▸ YOUR TASK
So that the copy stays text only, transcribe the data below exactly and exclude the images.

▸ DATA
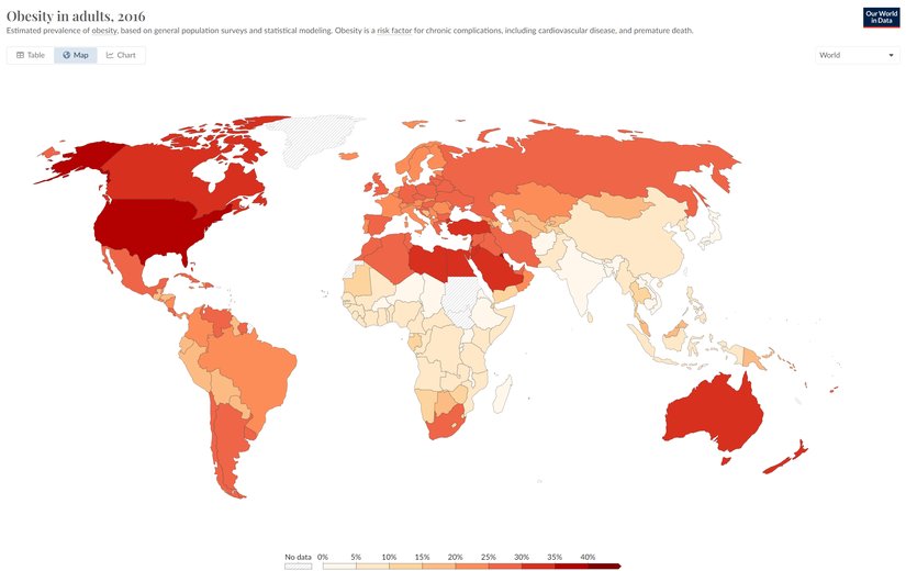 Obezite, yetişkinlerde ve çocuklarda artan oranlarla dünya çapında önde gelen önlenebilir bir ölüm nedenidir.[45] 2022'de dünya çapında 1 milyardan fazla insan obezdi (879 milyon yetişkin ve 159 milyon çocuk) ve bu 1990'da kaydedilen yetişkin vakalarının iki katından fazlasını (ve çocuklar arasındaki vakalardan dört kat daha yüksek) temsil ediyordu.[46] Obezite kadınlarda erkeklerden daha yaygındır.[47] Günümüzde obezite dünyanın çoğunda aşağılanmakta ve küçümsenmektedir. Buna karşılık, geçmişte ve günümüzde bazı kültürler obeziteyi zenginlik ve doğurganlığın bir sembolü olarak görerek olumlu bir bakış açısına sahiptir.[48]
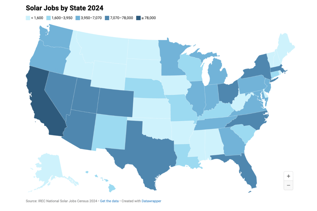California remained the highest state for photo voltaic jobs in 2024 regardless of shedding roughly 1,000 jobs after state coverage adjustments affected its residential market. Florida, Texas, New York and Massachusetts adopted because the next-largest employers of photo voltaic employees. For the fourth consecutive 12 months, Nevada ranked first in photo voltaic jobs per capita. Explore an interactive map of Solar Jobs by State here.
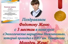 Ученица 8 а класса Федотова Женя стала участником конкурса в рамках реализации гранта президента Российской Федерации "Экологические маршруты Нижнекамска" ,который проходил КИУ им. Тимирясова г. Нижнекамск. Женя стала обладателем диплома 3 степени (рук. Сидорова О.Н.) Молодцы!!!

▸ WRITTEN REPLY
 Obezite, yetişkinlerde ve çocuklarda artan oranlarla dünya çapında önde gelen önlenebilir bir ölüm nedenidir.[45] 2022'de dünya çapında 1 milyardan fazla insan obezdi (879 milyon yetişkin ve 159 milyon çocuk) ve bu 1990'da kaydedilen yetişkin vakalarının iki katından fazlasını (ve çocuklar arasındaki vakalardan dört kat daha yüksek) temsil ediyordu.[46] Obezite kadınlarda erkeklerden daha yaygındır.[47] Günümüzde obezite dünyanın çoğunda aşağılanmakta ve küçümsenmektedir. Buna karşılık, geçmişte ve günümüzde bazı kültürler obeziteyi zenginlik ve doğurganlığın bir sembolü olarak görerek olumlu bir bakış açısına sahiptir.[48]
California remained the highest state for photo voltaic jobs in 2024 regardless of shedding roughly 1,000 jobs after state coverage adjustments affected its residential market. Florida, Texas, New York and Massachusetts adopted because the next-largest employers of photo voltaic employees. For the fourth consecutive 12 months, Nevada ranked first in photo voltaic jobs per capita. Explore an interactive map of Solar Jobs by State here.
 Ученица 8 а класса Федотова Женя стала участником конкурса в рамках реализации гранта президента Российской Федерации "Экологические маршруты Нижнекамска" ,который проходил КИУ им. Тимирясова г. Нижнекамск. Женя стала обладателем диплома 3 степени (рук. Сидорова О.Н.) Молодцы!!!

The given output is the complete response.